Deficit-busting measures have eroded spending power

Spain barely left behind its worst recession in over half a century in 2010, and this year promises to be equally tough on cash-strapped households amid a freeze on pensions, lower public sector wages, higher prices and grim prospects for the labor market.

According to a flash estimate released Monday by the National Statistics Institute (INE), the harmonized index of consumer prices ended last year up 2.9 percent from the end of last year, the highest level since October 2008 when it stood at 3.6 percent. The rate in November of last year was 2.2 percent. By contrast the government estimates GDP contracted 0.3 percent in 2010.

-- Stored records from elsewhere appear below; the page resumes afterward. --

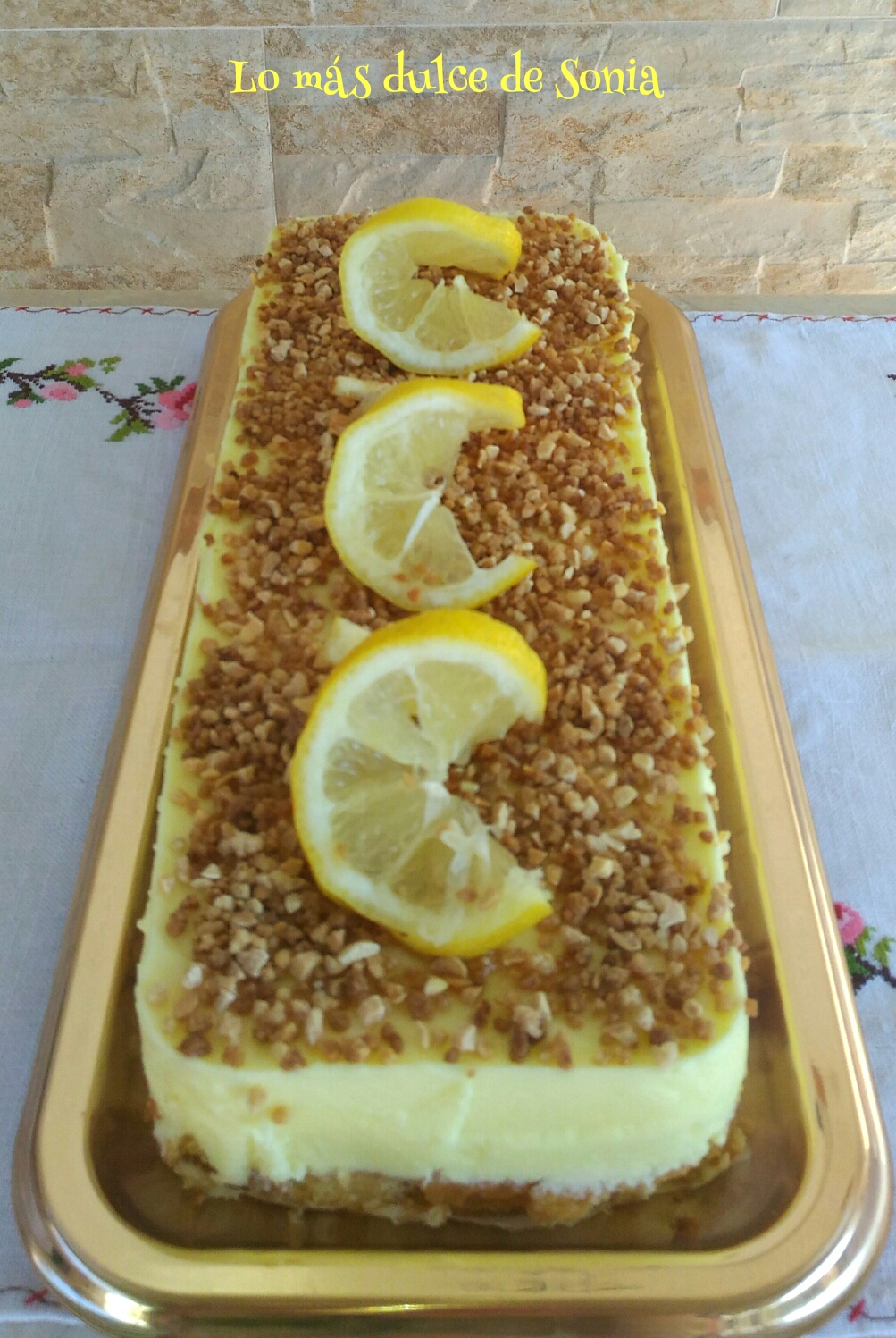 Almendra crocanti y unas rodajas de limón para decorar
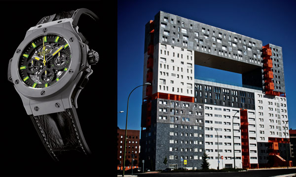 As everybody knows by now, Hublot cultivates close ties with Monaco and Jean-Claude Biver is a confirmed enthusiast of maritime adventures. Even more appropriately than the Monaco Yacht Club of which Hublot is official timekeeper, the Oceanographic Museum served as a perfect setting for the launch of the new Hublot diver’s watch that is water-resistant to 4,000 metres: the King Power Oceanographic 4000. Two limited numbered series of 1,000 in titanium and 500 in carbon fibre will probably not be enough to satisfy all those who wish to assert themselves in a world of sharks, but that’s doubtless part of the recipe for success. The sturdy and readable Oceanographic 4000 plays on the usual contrasts of new-generation Hublot models, with satin-brushed and shotpeened titanium, matt carbon fibre and composite resin lateral inserts and lugs.
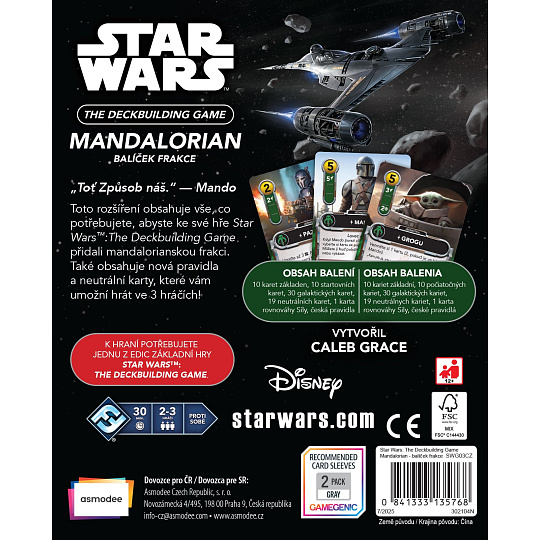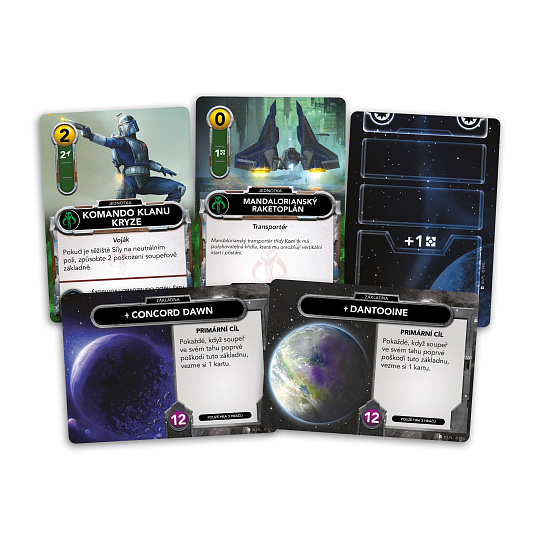 Rozšíření Mandalorian obsahuje vše, co potřebujete, abyste ke své hře STAR WARS™: THE DECKBUILDING GAME přidali mandalorianskou frakci: 10 karet základen, 10 startovních karet, 30 galaktických karet a 1 oboustrannou kartu rovnováhy Síly.

The INE attributed the rise in December to higher tobacco and oil prices.

Taxes on tobacco were raised by between 24 and 50 percent at the start of December, while oil prices were up 7 percent from November and 23 percent from a year earlier.

At the same time, households are also bracing themselves for a record 9.8-percent hike in electricity rates, while regulated gas prices are also set to rise.

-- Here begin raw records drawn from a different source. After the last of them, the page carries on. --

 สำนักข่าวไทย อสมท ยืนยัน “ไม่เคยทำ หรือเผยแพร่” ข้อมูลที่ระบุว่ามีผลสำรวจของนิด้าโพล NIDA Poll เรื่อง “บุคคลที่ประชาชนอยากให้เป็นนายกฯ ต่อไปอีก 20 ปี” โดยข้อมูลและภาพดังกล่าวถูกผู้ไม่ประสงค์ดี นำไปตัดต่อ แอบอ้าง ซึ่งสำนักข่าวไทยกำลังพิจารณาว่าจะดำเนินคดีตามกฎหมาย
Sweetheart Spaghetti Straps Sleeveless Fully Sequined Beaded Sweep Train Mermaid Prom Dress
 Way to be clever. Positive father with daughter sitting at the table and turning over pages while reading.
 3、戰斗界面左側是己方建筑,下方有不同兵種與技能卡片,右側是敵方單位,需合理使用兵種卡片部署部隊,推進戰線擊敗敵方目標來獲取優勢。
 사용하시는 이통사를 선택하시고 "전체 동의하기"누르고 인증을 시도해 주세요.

Public workers already saw their salaries cut by an average 5 percent from June of last year, while pensioners this year will have to forego any top-up of their benefits to compensate erosion in their spending power caused by higher consumer prices.

Those measures were introduced last year as part of the government's austerity drive to rein in the public deficit from 11.1 percent in 2009 to 6 percent this year.

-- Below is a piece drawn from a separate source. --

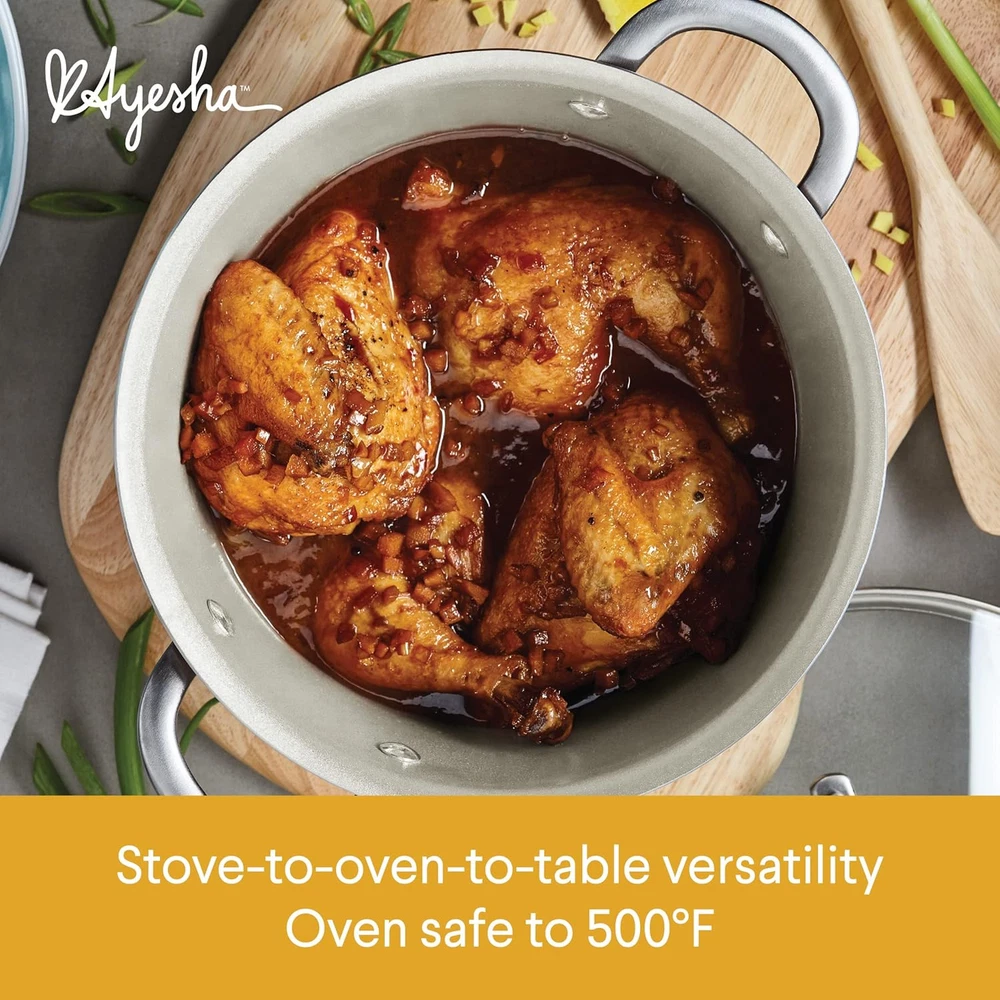 Store New Arrivals Add to Favorite View Feedback Contact Curry Home Collection Nonstick Cookware Pots and Pans Set, 9 Piece, Twilight Teal Description Item model number 10769 Global Trade Identification Number 00631899107695 Closure Material Glass Color Twilight Teal Included Components 1.5-Quart Saucepan^Lid^ 2-Quart Saucepan^Lid^5.5-Quart Dutch Oven^Lid^ 8.5-Inch Skillet^ 12-Inch Skillet^Lid Material Aluminum Country of Origin Thailand Is Dishwasher Safe Yes Item Weight 15.32 pounds Is Oven Safe Yes Handle Material Stainless Steel Size 9 Piece Material Type Free PFAS Free, PFOS Free Special Feature Gas Stovetop Compatible Product Dimensions 24 x 13.63 x 9.25 inches Compatibility Options oven safe Number of Pieces 9 COOKWARE BY AYESHA CURRY: Essential cookware set for bringing practical features and elevated design to the kitchen HIGH PERFORMANCE: Kitchen pots and pans set is crafted from aluminum for fast, even heat to bring recipes together in a flash PRO GRADE POTS AND PANS: Cookware pieces are oven safe to 500 degrees F and feature dual-riveted stainless steel handles and tempered glass lids to seal in heat and flavor DIAMOND NONSTICK: Pots and pans are crafted with stylish hard enamel porcelain exteriors and enhanced, diamond-textured, nonstick interiors for long-lasting food release and easy cleanup COOKWARE SET INCLUDES: 1.5-quart saucepan with lid, 2-quart saucepan with lid, 5.5-quart Dutch oven with lid, 8.5-inch frying pan, 12-inch frying pan with lid Stylish porcelain enamel cookware from Ayesha Curry brings practical features and elevated design to the kitchen. Get stove to oven to table performance to bring out the flavors that bring the family together. This eye-catching nonstick cookware set includes all the essentials for creating big brunches and weeknight family favorites. Constructed from fast, even-heating aluminum with stylish hard porcelain exteriors, these pro-grade pots and pans are oven safe to 500° F and feature dual-riveted stainless steel handles for a confident grip and tempered glass lids to lock in heat and flavor. Plus, interiors boast a diamond textured surface with enhanced nonstick for long-lasting, effortless food release and easy cleanup. ABOUT US We offer the best prices around on high quality products. Our E-store includes media such as books, movies, music and games while offering electronics, toys, sporting apparel, clothing, tools, general home, garden items and more. SHIPPING We are always working hard to ensure your package arrives as soon as possible. Please understand that some factors like weather, high postal traffic, and the performance of shipping companies are outside of our control. We offer free shipping to the lower 48 states and ship within 2 business days of payment, usually sooner. We do not accept P.O. Boxes. Please provide a physical address. For shipping outside of the continental USA, we only use eBay's Global Shipping Program.The item is shipped to KY and then sent to the rest of the world. International customers are responsible for all duties and taxes. Continue to check out in order to calculate costs for shipping the item to your country. Messages regarding eBay's Global Shipping Program MUST be directed at eBay EXCLUSIVELY. RETURNS We offer a 30-Day Return Policy on items which you are not completely satisfied with. You have the option for a full-refund or an exchange of the item. No returns are available on items shipped outside of the USA. PAYMENT We accept PayPal. CONTACT US This page content is yet to come Please ad us to your favorite seller and visit again later Thank You CUSTOMER SATISFACTION We try our very best to make sure every customer is completely satisfied. If there's a problem, message us! We're happy to help. WE ACCEPT Copyright © 2021 AutoDS. | All Rights Reserved
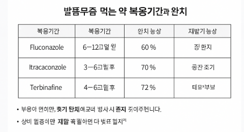 | 테르비나핀 | 250 mg 매일 | 손톱 6주, 발톱 12–16주 | 35–78% |

With the unemployment rate almost double the average in the European Union at 20 percent, workers in the private sector have also agreed to wage moderation with the hope of holding on to their jobs. Collective agreements called for a 1-percent hike in salaries in 2010 and between 1 and 2 percent this year.

While the rest of Europe has also been hit by higher oil prices, inflation in Germany in December by contrast came in at only 1.9 percent.

The government expects inflation to remain at over 2 percent at the start of this year before easing to 1.5 percent by the end of 2011.

Funcas, the think-tank of the Spanish association of savings banks, believes the rise in consumer prices stems from the one-off measures introduced by the government to tame the shortfall in its books rather than a build-up of inflationary pressure.